Association Défense des Consommateurs de Propane

Accueil » Cartel Etats Unis » Le prix du propane sera régulé dans les ilots propane de Colombie-Britannique au Canada

Le prix du propane sera régulé dans les ilots propane de Colombie-Britannique au Canada

Un nouveau revers pour les propaniers nord-américains qui devrait combler d’aise les consommateurs prisonniers d’un propanier monopoleur : la province canadienne de la Colombie-Britannique vient de décider que le prix du propane dans les complexes résidentiels approvisionnés par un seul propanier ne peut être abandonné à l’arbitraire du fournisseur unique.  Dans ces ilots propane ( des réseaux  de propane privé alimentés par une ou plusieurs citernes communes comme il en existe dans certaines résidences privées et  communes rurales en France), le prix du propane devra être régulé,  nonobstant les clauses  signées originellement entre le développeur immobilier et le propanier. Cette décision a été prise au mois d’Août dernier par la Commission des services publics de Colombie Britannique (BCUC).  Cette commission a déterminé qu’un opérateur de réseau de distribution de propane en situation de monopole dans un complexe résidentiel doit bel et bien être considéré comme un « service public », et donc sujet à réglementation de la part de la BCUC.  Cela signifie que les tarifs du propane doivent être approuvés par la BCUC, à moins que l’opérateur ne convainque cette dernière qu’il peut être exempté de se plier à la réglementation.

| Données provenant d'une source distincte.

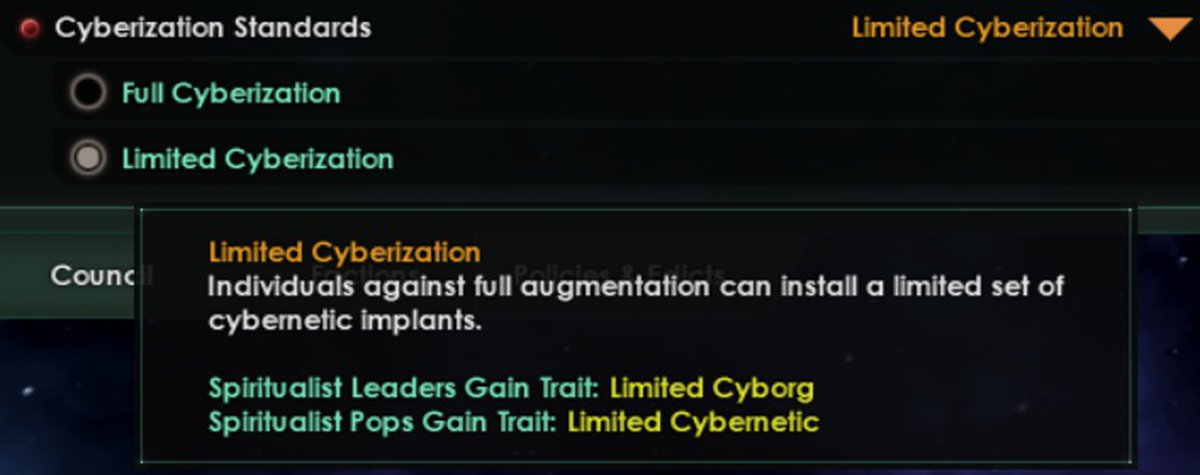 Первое происхождение называется Cybernetic Creed или Кибернетическое братство. На странице дополнения в Steam перевели, как вера кибернетики, но этот вариант не отражает суть. Cпиритуалистичное население и лидеры начнут с чертой «Ритуальная кибернетика», отображающей долгие стремления вида достичь идеального слияния плоти и стали.
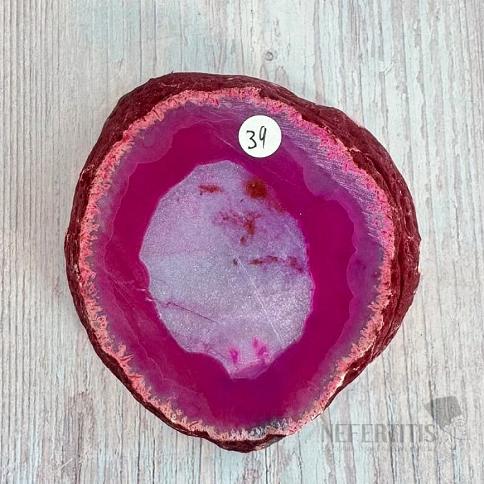 Atraktivní leštěný plátek achátu. Dekorativní prvek, který vzniká rozříznutím a leštěním přírodního achátu. Tento achátový plátek je dobarvovaný. Kupujete přímo vyobrazený kus.

Le propanier Superior Propane distribue du propane dans des villas d’un complexe résidentiel appelé Seascapes (West Vancouver). Le propane est acheminé sous forme liquide dans une grande citerne, puis vaporisé sous forme gazeuse et distribué aux différentes unités d’habitation à travers un réseau de distribution construit par Superior Propane. Les habitants sont facturés selon leur consommation. L’arrangement entre Superior et Seascapes est gouverné par un master contrat. Des accords individuels régissent les relations  entre Superior et les propriétaires des villas du complexe immobilier.

La BCUC a été sollicitée par un résident  gestionnaire de propriété, au sujet de la fourniture de propane à Seascapes.  Cela a amené la BCUC à considérer la question de savoir  si Superior exerçait sur place les attributions  d’un « service public ». Si Superior était un service public, l’entreprise était sujette à la réglementation de la « Loi sur la Commission des Services Publics ». Entre autres obligations, la loi prévoit que les tarifs de vente de l’énergie soient approuvés par la BCUC  avant toute modification. La BCUC doit vérifier que les nouveaux tarifs sont « justes et raisonnables ».

Selon la Loi en question, un service public de l’énergie est une entreprise qui possède ou gère des biens concourant à la production d’un agent pour la production de chaleur ou de puissance. Cependant pour des raisons légales, la notion de service public ne peut inclure une entreprise du secteur pétrolier. Si toutes les parties prenantes (les pouvoirs publics, Superior Propane et Seascapes) sont tous d’accord pour reconnaitre  que Superior Propane est un service public de prime abord (« a prima facie utility »), l’essentiel du débat a tourné autour la question de savoir si Superior était, oui ou non,  une entreprise pétrolière, et à ce titre,  exonérée de la réglementation relative aux services publics.

Seascapes

« One of Vancouver’s best kept secrets »  selon les agences immobilières du coin …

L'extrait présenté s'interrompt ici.